The Board Pro teaches: A burned-out leader is not a leadership issue. It’s a governance failure.


3. Move Resources Toward Equity—Boldly

Coleman’s article reminds us that only 3% of philanthropic dollars reach the South—and even fewer reach Black-led organizations. Yet Black women leaders are transforming entire communities with budgets that wouldn’t fund a pilot program anywhere.


Boards can support by:

  • Opening networks Black women shouldn’t have to fight to access

  • Advocating for multi-year, unrestricted funds

  • Rejecting deficit narratives in conversations with funders

 

The Board Pro equips boards to activate their fundraising muscles, not sit on their hands.
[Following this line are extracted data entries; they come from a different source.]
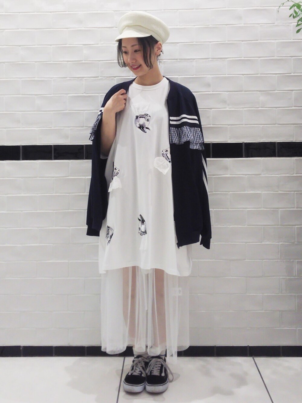 愛らしい猫の刺繍が散りばめられたBIG TEE。 猫の首元にはレースアップリケが丁寧にあしらわれ、フェミニンかつガーリーな雰囲気に仕上がりました。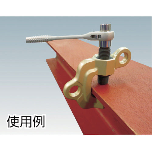 ●横吊り使用時にねじが上部に配置されているので締め込み作業が容易に行えます。(上部のH鋼梁に取り付けて使用する場合も同様に締め込み作業が容易に行えます。)●スクリューを締め込むと円形カムが回転しながら吊り荷に喰い込む機構により、確実なクランプ力を発揮します。
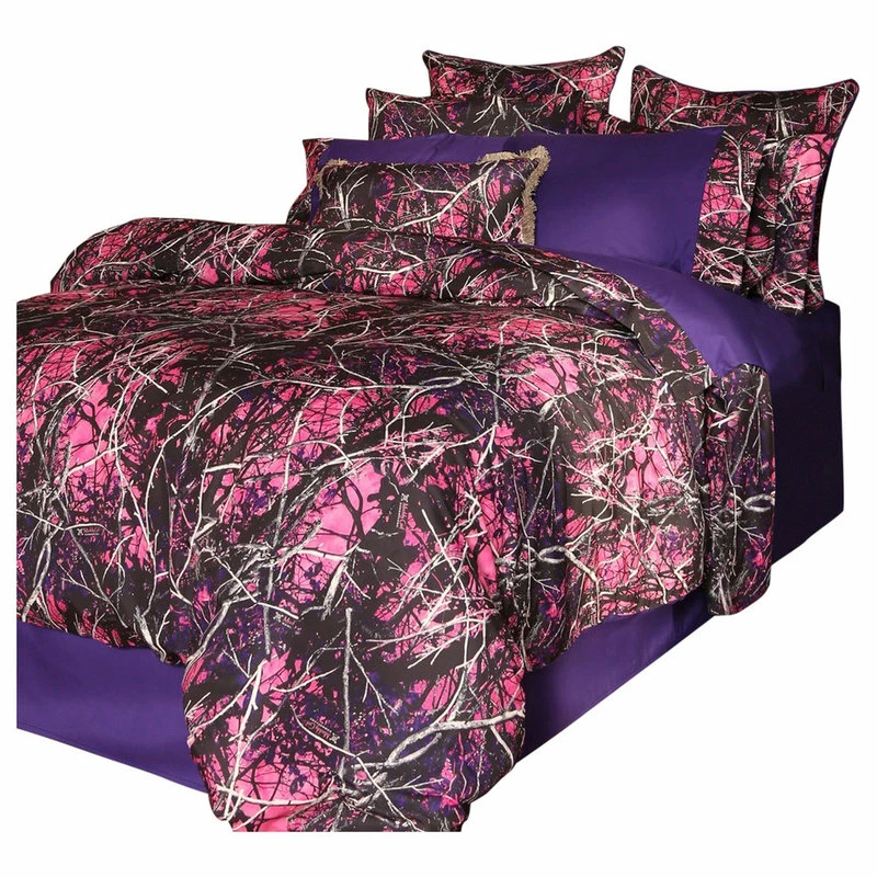 If you, re scouting for style, look no further than our new Muddy Girl Camo set, a bold, feminine statement for the rough-and-tough camo buff! Disruptively patterned branches stand out in sharp relief against a dark purple background, creating a wild and outdoorsy look. Combine with dark purple sheets and matching drapes, shower curtain, and valance to create a coordinating, unspoiled environment. When it comes to your terrain, don, t conceal your fashion zeal! Aim for Muddy Girl Camo, the perfect ammo.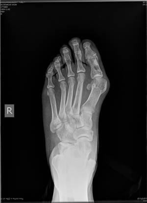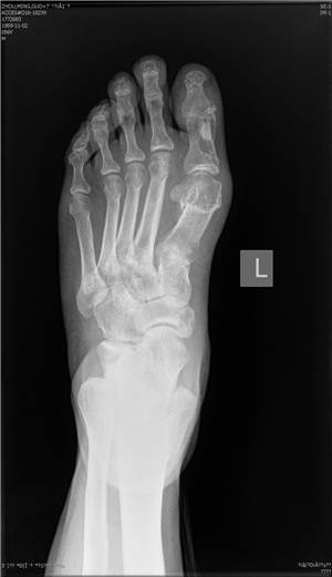 骨赘不断增大,和外部鞋面的摩擦形成拇囊炎、局部红肿,表面皮肤形成胼胝体神经炎,引发疼痛和踇趾的感觉异常。第一跖骨头外侧在这种向外的挤压的应力下出现破骨重建,久之引起跖骨头关节面的外翻倾斜。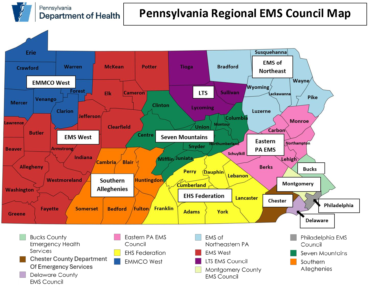 There are 13 Regional EMS Councils in the Commonwealth that administer the EMS Program for the Department of Health as promulgated by Pennsylvania's Act 37 which was signed into law on August 18, 2009 (Replacing Act 45 of 1984).

4. Protect Their Power, Presence, and Voice

Joyvin Benton speaks powerfully about refusing to shrink. Black women leaders often face boards or external stakeholders who question, undermine, or attempt to “soften” their leadership. Boards must be the guardrail, not the hazard.


Boards can support by:

  • Naming and interrupting bias—especially bias against Black women

  • Centering the CEO’s voice in decision-making

  • Standing with the leader in moments of pushback

  • Ensuring she doesn’t have to justify her right to lead


The Board Pro trains boards to govern with equity at the center, so Black women leaders can actually lead.
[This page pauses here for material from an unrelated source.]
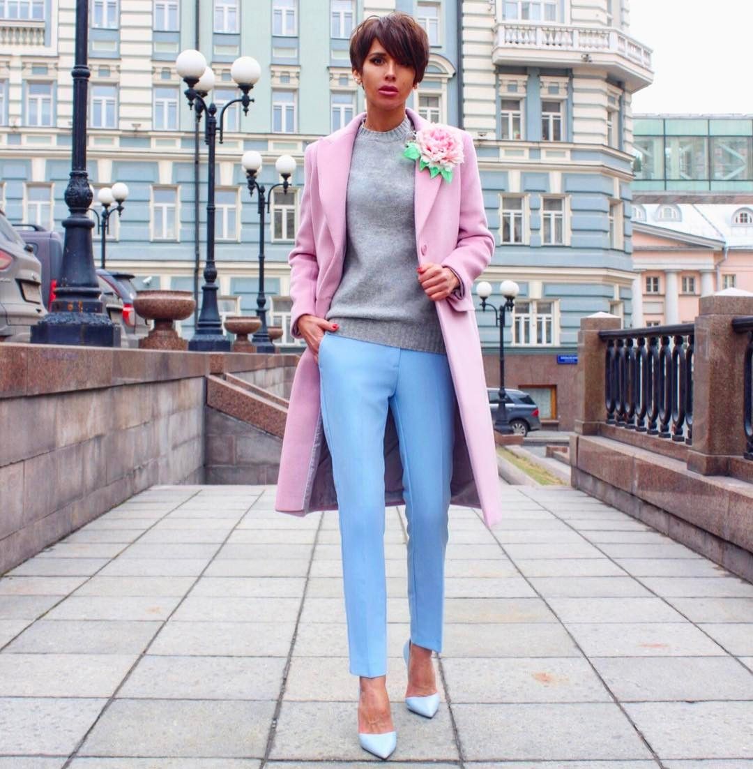Вот цвет номер один для создания средней яркости образов с участием розового цвета. С нежно-розовым сочетайте светло-серый как в виде аксессуаров, так и других предметов одежды.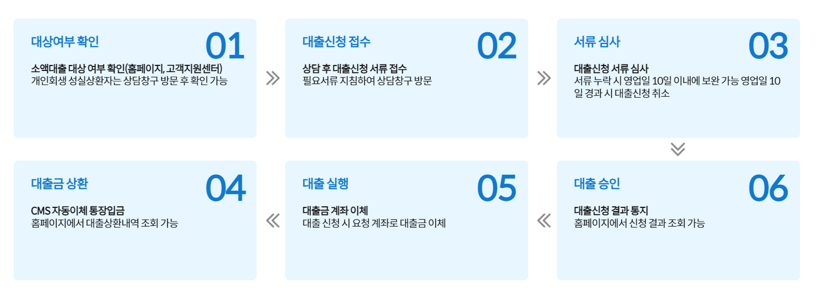 | 변제수행납입증명원 또는 면책결정문 | 개인회생으로 인한 소액대출 대상자만 해당 |

5. Lead With Relationships, Not Just Resolutions

From Keecha Harris to Anasa Troutman to Michelle Bidwell, every story underscores that relationships are the strategy. In the South especially, trust is currency. Culture is curriculum. Community wisdom is data.


Boards can support by:

  • Spending time in community, not just the conference room

  • Listening deeply to those the organization empowers

  • Honoring the histories and cultural patterns that shape community life


The Board Pro helps boards build these muscles so they can partner authentically, not performatively.


A Final Word: When Boards Lead Well, Black Women Don’t Have to Lead Alone

Black women leaders are holding healing, culture, data, storytelling, policy, education, maternal health, philanthropy, and community survival—often simultaneously. They deserve boards who match their courage with competence, their strategy with support, and their vision with resources.


If your board is ready to strengthen its governance, deepen its equity practice, and become a true partner to the Black women leaders guiding your mission forward, I’d love to support you.


I’m Christal M. Cherry, The Board Pro—board consultant, facilitator, trainer, and truth-teller helping boards lead with equity, courage, and community at the center.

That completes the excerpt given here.